Labeling Notes For Curious Readers

Herbal infusions don’t usually carry full nutrition panels. When products do carry panels, calorie lines are built from standard conversion factors: fat 9, carbohydrate 4, and protein 4 per gram. Fibers often use lower factors. That explains tiny or zero listings on many tea products.

Curious about status and risks? Federal pages describe current concerns and do not approve products for medical use. For brewed herbal calorie baselines, USDA-derived entries show near-zero values for unsweetened cups.

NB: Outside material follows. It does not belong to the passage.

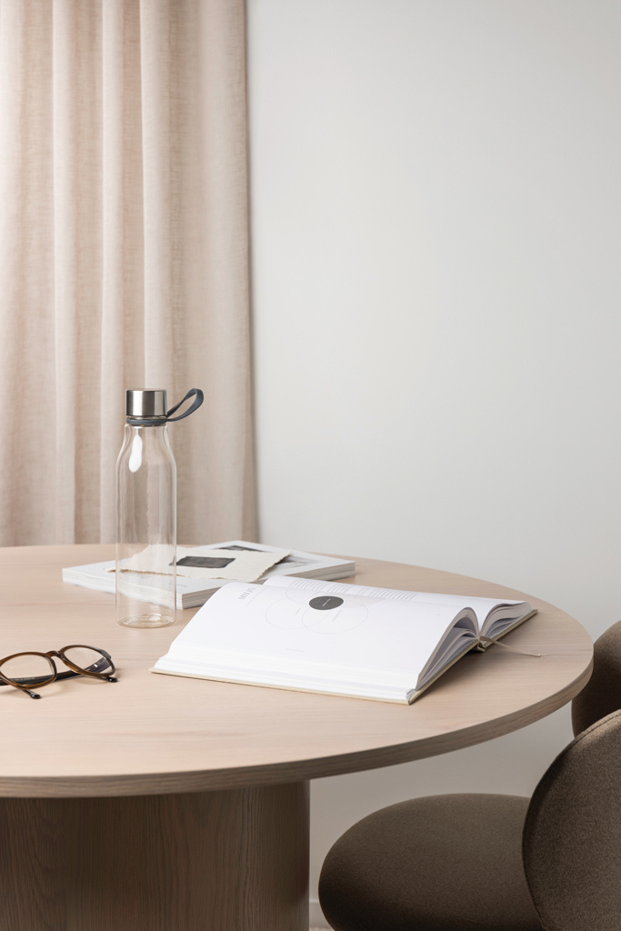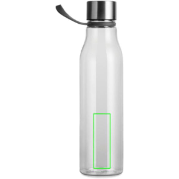 Water bottle made from BPA-free RCS certified recycled PET. With a generous 800 ML capacity, this bottle is ideal for workouts, travel, or whenever you need extra hydration. The loop doubles as a convenient handle, perfect for carrying on the go or hanging on exercise equipment. The ideal shape allows it to fit in most cup holders. Exclusively suitable for cold drinks. Handwash only. Certified by RCS (Recycled Claim Standard), this certification ensures that the entire supply chain for recycled materials is verified. The product contains 68% RCS certified recycled PET.

Simple Rules To Keep Numbers Low

Skip Sugar

Use lemon or ginger for flavor instead. Sweeteners deliver most of the energy.

Strain Well

Leave solids in the filter. That keeps the intake close to zero.

Track Add-Ins

Weigh recipes once. Save them as custom entries in your tracker for easy reuse.

Worked Examples

Plain, Strained Cup

Steep crushed leaf, strain well, no sweetener. Log 0–2 kcal. Rounding rules in trackers may round that down to zero.

Powder In Water

Two level grams in a glass with no extras. Count 6–8 kcal. If your scoop weighs three grams, call it 9–12. Small, but not nothing.

Sweet Latte Style

One cup brewed tea plus 120 ml 2% milk and one teaspoon sugar. That’s ~76 extra from the add-ins alone, with the leaf bringing only a sliver. If you prefer whole milk, the same cup jumps closer to 90 from the dairy and sugar.

Capsule Routine

Four medium capsules often deliver 2 grams total. Count 6–8 kcal. The capsule shells add a trace that rarely changes the line item.

Method Notes

Ranges above reflect standard macronutrient math and common serving sizes seen across tea and supplement use. Herbal tea baselines come from USDA-based databases that list zero calories for unsweetened cups.

Numbers are estimates, not lab tests. Brands vary in grind, moisture, and density, so your gram measurements give tracking results.

Where This Fits In Your Day

Calories work like a budget. When most cups land near zero, you can save the room for real meals. That’s simple nutrition accounting, not a loophole.

If you’re dialing macros for fat loss, pair low-energy drinks with balanced meals and steady steps. When walking is part of your plan, daily movement makes logging feel easier and more consistent.